Le incertezze dei sondaggi, la sicurezza dei bookmakers. Se la scienza statistica, bruciata da clamorose cantonate del recente passato, ha alzato bandiera bianca, riconoscendo l’impossibilità di anticipare l’epilogo referendario, gli scommettitori non sembrano aver dubbi su quale futuro attenda il Regno Unito. La Brexit - ovvero l’uscita dall’Unione Europea - è scongiurata se si crede alle quote degli allibratori, scrupolosi barometri in un paese dove scommettere (su qualsiasi evento, su ogni eventualità) è una religione.
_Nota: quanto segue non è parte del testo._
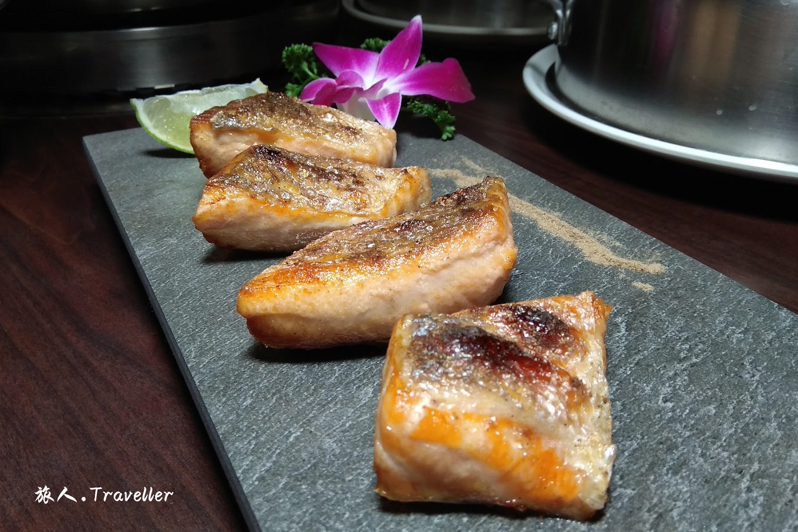 ⭕ 烤現流魚(鮭魚),這天店家選用的是鮭魚肚的部份,油脂豐富的鮭魚肚在合宜的火候烤製後,鮭魚油獨特的香味完美的呈現,不得不配服店家的烤功與對食材的嚴僅。

Ciononostante la cautela è d’obbligo dopo 100 giorni di campagna referendaria quanto mai accesa, divisiva, dogmatica.
Dibattito estremizzato
Il fronte pro-Unione ha insistito sulle convenienze economiche del mercato unico anche per disinnescare l’arma retorica più efficace in mano ai sostenitori della Brexit: l’immigrazione fuori controllo. Ma la retorica europeista è degenerata in una “campagna di paura”, prefigurando scenari apocalittici in caso di divorzio da Bruxelles. Un’ inutile estremizzazione, a scapito di argomentazioni più equilibrate, condivisa dagli euroscettici, colpevoli di aver cavalcato strumentalmente (e cinicamente) le paure legate ai flussi migratori.
Regno spezzato a metà
Il Regno va così al voto più diviso che mai. Una spaccatura che si riflette nella composizione dei due schieramenti. Gli unionisti si concentrano principalmente nei grossi centri urbani (a cominciare da Londra), anagraficamente più giovani, meglio scolarizzati, realizzati economicamente. La Brexit alloggia nelle periferie, tra chi è rimasto escluso dalla mobilità sociale, chi si sente tradito dalle promesse della modernità globalizzata.
Confronto impari
Votare contro l’Unione diventa allora un voto di protesta, ma anche d’affermazione identitaria, di speranza e di rifiuto dello status quo. Un voto che rivela sincere paure ed ingenue nostalgie, per un passato che mai ritornerà. Su queste pulsioni la Brexit ha costruito una narrativa simil-patriottica che ha saputo reggere l’impari confronto con la potenza dell’establishment (media, università, politica, industria, finanza, sindacati), compatto nel voler restare.
Futuro Cameron
Spettatore interessato, e partecipe, della contesa referendaria, il Premier David Cameron. Nelle prime ore di domani, venerdì 24, scoprirà - e noi con lui - quale destino (politico) lo attende. Se il Regno resterà in Europa, si limiterà ad un rimpasto di governo per ricompattare il suo partito, i Tory, lanciando un messaggio di distensione al paese. Lo strappo dal continente, viceversa, equivarrebbe ad un ordine di sfratto da Downing Street, in largo anticipo sulla scadenza del mandato (2020). E sull’uscio di casa troverebbe ad aspettarlo la zazzera bionda di Boris Johnson, già pronto a subentrargli.